* _Directions_:
Leaving the pictures aside, return the listing exactly as it appears.

↓

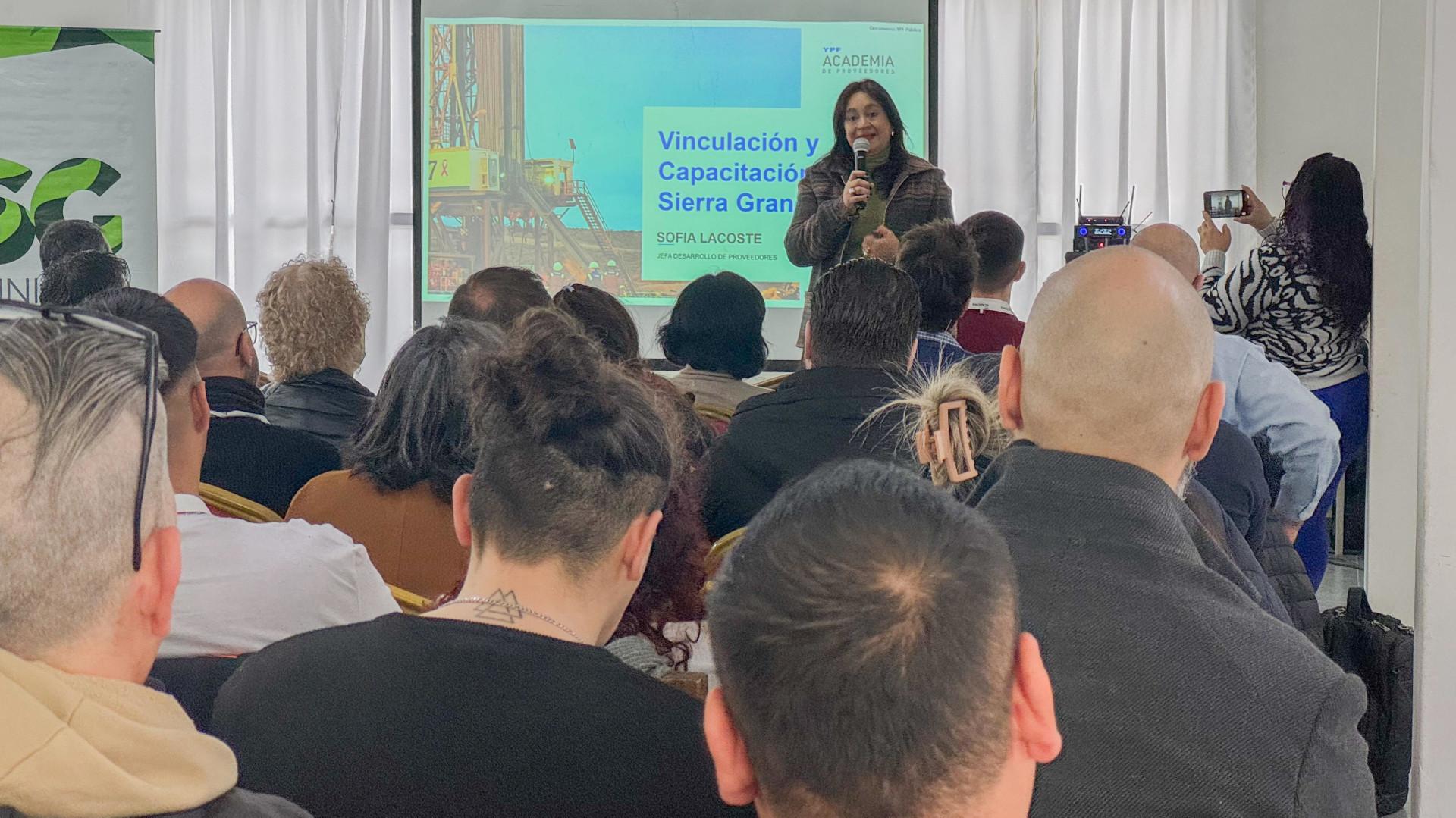 Proveedores, comerciantes y empresarios de Sierra Grande participaron de un encuentro de vinculación con representantes de YPF, empresas constructoras del oleoducto Vaca Muerta Oil Sur (VMOS) y autoridades provinciales.
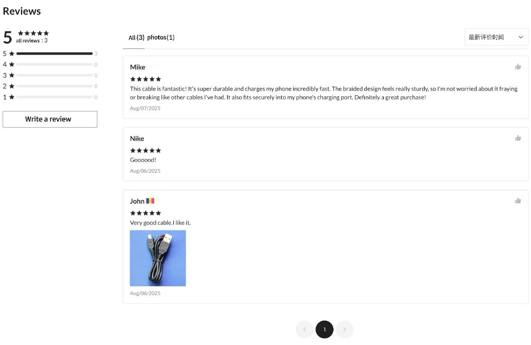 • The design styles and layouts of Product Detail Reviews, Review Flow, and Review Carousel Block differ, resulting in variations in visual effects. We recommend testing all three and keeping the one that best suits your needs to ensure the final setup aligns with your business requirements.
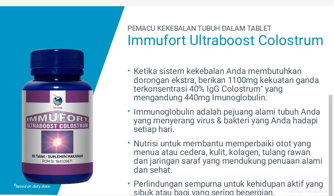 "Jaga imunitas harian dengan Immufort Ultrabost Colostrum, suplemen alami kaya imunoglobulin yang membantu melawan virus & menjaga vitalitas tubuh."
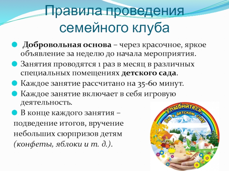 Слайд 12Правила проведения семейного клуба
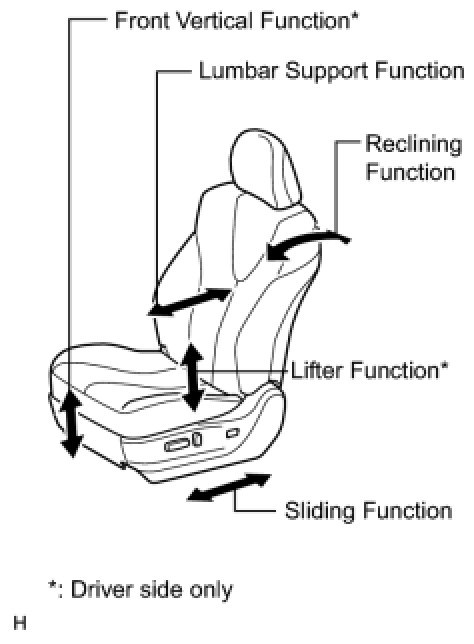 (1) Operate the power seat switches and check to make sure each seat function works:

↑

* _Response box_:
 Proveedores, comerciantes y empresarios de Sierra Grande participaron de un encuentro de vinculación con representantes de YPF, empresas constructoras del oleoducto Vaca Muerta Oil Sur (VMOS) y autoridades provinciales.
 • The design styles and layouts of Product Detail Reviews, Review Flow, and Review Carousel Block differ, resulting in variations in visual effects. We recommend testing all three and keeping the one that best suits your needs to ensure the final setup aligns with your business requirements.
 "Jaga imunitas harian dengan Immufort Ultrabost Colostrum, suplemen alami kaya imunoglobulin yang membantu melawan virus & menjaga vitalitas tubuh."
 Слайд 12Правила проведения семейного клуба
 (1) Operate the power seat switches and check to make sure each seat function works:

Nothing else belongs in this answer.